TBB, like virtually all well written multi-threading (w/ thread pool) system, tries to be nice to other processes on the system. To address this, when a (each) thread, after some period of time is unable to find work, it suspends itself. This suspension is typically performed on timed wait on a condition variable (pthread and std::thread/condition_variable, or Windows WaitForSingleEvent). The symptom for the second call is indicative of the TBB thread management code of .NOT. signaling the condition_variable or event for the other thread(s) when work becomes available. IOW the additional threads are not run immediately, but rather startup after the timer expires.

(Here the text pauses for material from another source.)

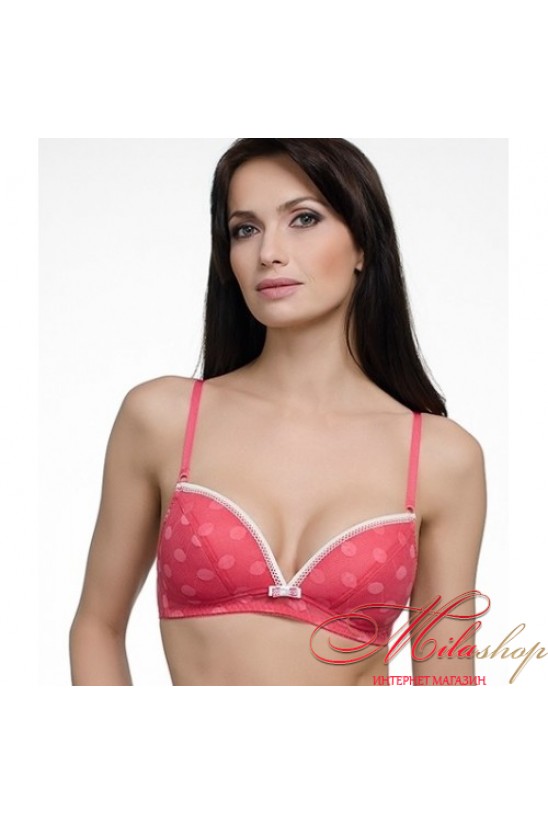 бюстгальтер из эластичного трикотажного кружевного полотна. Без каркасов. Чашки с двойным членением, на дубляже с хлопком. Упругие пластины в боковых деталях стана. Отделка - контрастная эластичная тесьма по верхнему срезу чашек и бантик.
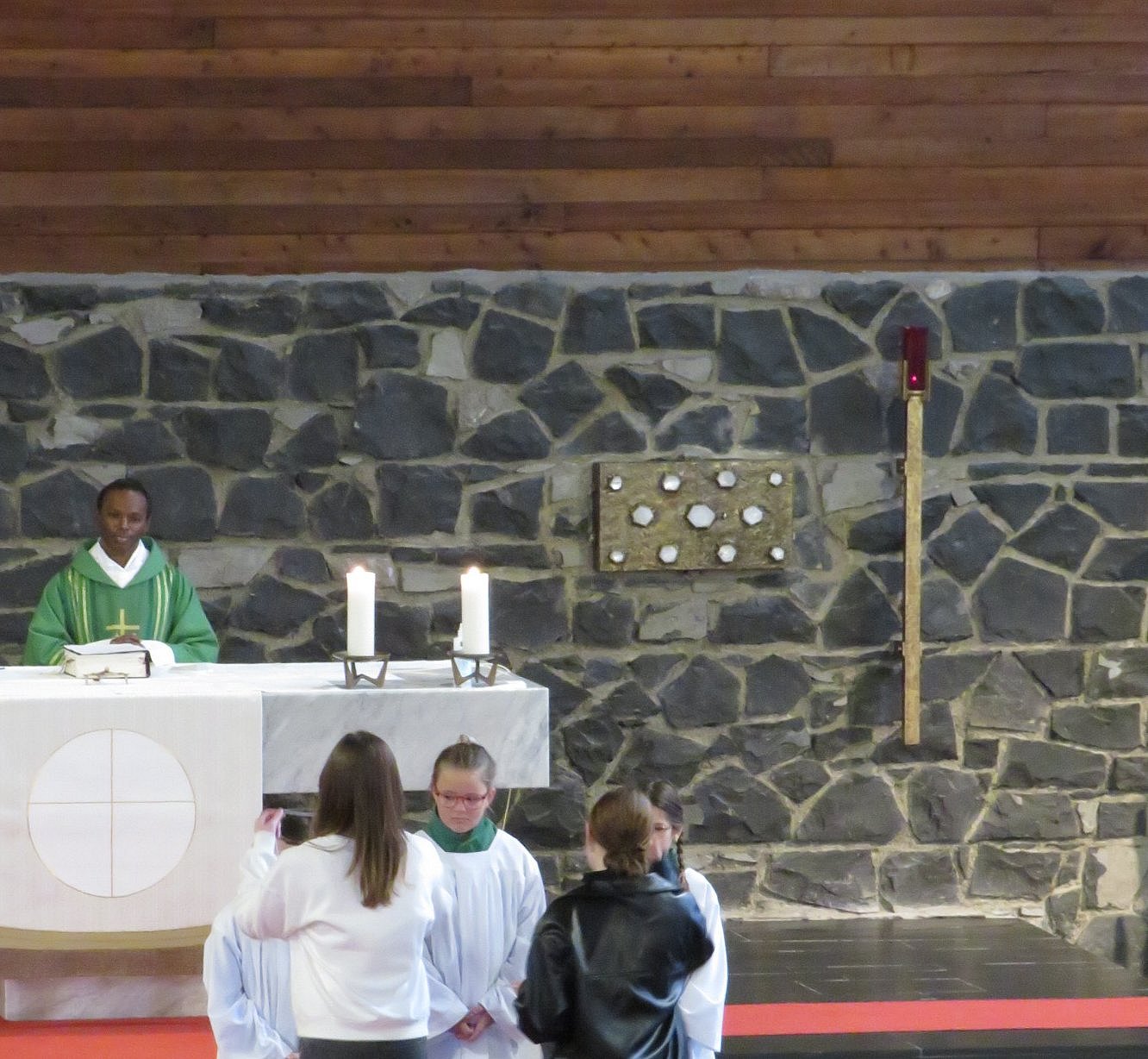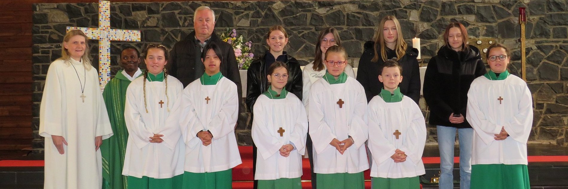 Am Sonntag, 26.10.2025, war es endlich soweit: Drei neue Messdiener*innen wurden in der Sonntagsmesse mit Pater Michael Remigius durch unsere Gemeindereferentin, Marina Jung, offiziell in den Kreis der Ministrant*innen aufgenommen und können nun unsere Messdienerinnen unterstützen!

Note, this omission includes the situation whereby the main thread properly notifies one of the waiting threads, but that thread fails to properly notify the correct other threads. Potentially this could be the result of the second thread notifying itself (or other running thread) as opposed to notifying a waiting thread. IOW do not simply look at what the main thread does, but look deeper at what the woken-up threads do.

Jim Dempsey

diedler_f_ · ‎09-26-2017

Is there any solution to avoid that ? It is really bad for my application that needs full performance.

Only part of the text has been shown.